This isn't a first shot output, I had it retry a bit and guided it a little, mostly to get it to write a longer speech instead of a short quote. I think it's much better than I could have written on my own in a minute or two.


It's an impressive draft, better than what I expected, but it needs a lot of polishing. For example:

> We have enjoyed the fruits of their labor

Or this:

> This loss is a tremendous loss for our nation, for their families, and for mankind

the official speech use an increasing order, and put "friends" as an intermediate step between "family" and "nation". You want to put "family" so your don't sound insensitive and as a blow under the belt. You want to put "nation" because you want to squeeze a few votes from the tragedy and also avoid been blamed. You want to put "mankind" because you want to hide that this was a stunt in the middle of the cold war. (The official speech says "people of the world".)

There is a small risk that GPT-3 is just retrieving a distorted version of the speech from the multiples sources that were available. Like if you or me are forced to rewrite it from memory. Let's try a different scenario, like: "Yuri Gagarin got toasted during reentry, and for some reason we decided to not hide it."


You're kidding me. It's not a great speech but it is incredible for a machine-generated speech. Unbelievable. I love it!


I know that discourse is at an all time low, but you could try reading past the 6th word in my post.

In other words: Try generating a speech about "Apollo 11 disaster" without previously existing text corpus about any space disasters.


Wow, did you make this using GPT-3? Is the first sentence yours and the rest generated?


All the text in quotes was GPT-3 generated-- with a little help from me (e.g. when it went in the wrong direction-- e.g. ending the speech too early-- I made it go back and try again or clipped out the dumb part and had it continue).

I prompted it with some mission description and said that a speech was prepared for president Nixon that in case the astronauts were stranded.

GPT3 doesn't yet do consistently GREAT output without some guidance, partially as an artefact of the generation procedure.
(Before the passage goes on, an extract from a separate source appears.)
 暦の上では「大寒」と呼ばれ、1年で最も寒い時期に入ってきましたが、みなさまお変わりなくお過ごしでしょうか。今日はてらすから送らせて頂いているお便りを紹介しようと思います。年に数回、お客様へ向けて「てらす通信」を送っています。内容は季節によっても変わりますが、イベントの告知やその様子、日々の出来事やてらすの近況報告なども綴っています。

But with a little help it does very well.

The issue is that if you just take the most likely symbol it'll rapidly go into a loop of just copying text or other degenerate behaviour. So instead, everything uses the model by sampling it-- taking less likely choices by chance weighed by the model output. Unfortunately, that means that an unlucky draw will occasional paint it into a corner. If you see that happening you can just go back and try again and you get much better output.
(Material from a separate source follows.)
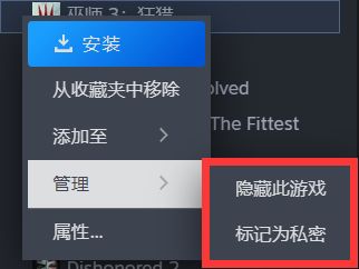 庫>>選定遊戲右擊>> 管理>>隱藏此遊戲、標記爲私密

If that is a fair comparison depends on what your application is... if you need to to run unsupervised, it isn't consistently great. If you just need a first draft out of it or some raw ideas to turn an hour writing task into a 5 minute one, it's great for that.

I don't think this kind of manual assistance is much of a cheat either-- a real speech writer also gets exactly this sort of help from others.

[And FWIW, I did this via the GPT3 based mode in the ai dungeon video game. ... I don't have access to the GPT3 API.]


I remember reading that 1 minute of an important speech of a politician requires about an hour of preparation by a professional speech writer. And I guess that a failure speech is even more difficult to write.

The current level of AI like GPT-3 can generate fluffy text, very good fluffy text, but still can't generate a text for this kind of speech.


> but still can't generate a text for this kind of speech.

I disagree. Maybe the output I gave above wouldn't quite pass for the output of one of the greatest speech writers of the time, but most speeches are rubbish and I think what you can get out of GPT3 well operated is not at all rubbish.


Yes, but I wonder if that would have been specific enough.


I was expecting the Walter Cronkite part to be the fake thing here in a clever twist.

They'd pass through the Nixon questions and then say "Alright, but what about Walter Cronkite?" My true advocacy would be to use another contemporary big three anchor from the era as the deep fake, then show the real Cronkite footage during the quiz at the end

That's the real lesson IMHO, not if you can tell when you're prompted to listen for it, but when you aren't.


People have been doing this since the cannonballs photo in the Crimean War.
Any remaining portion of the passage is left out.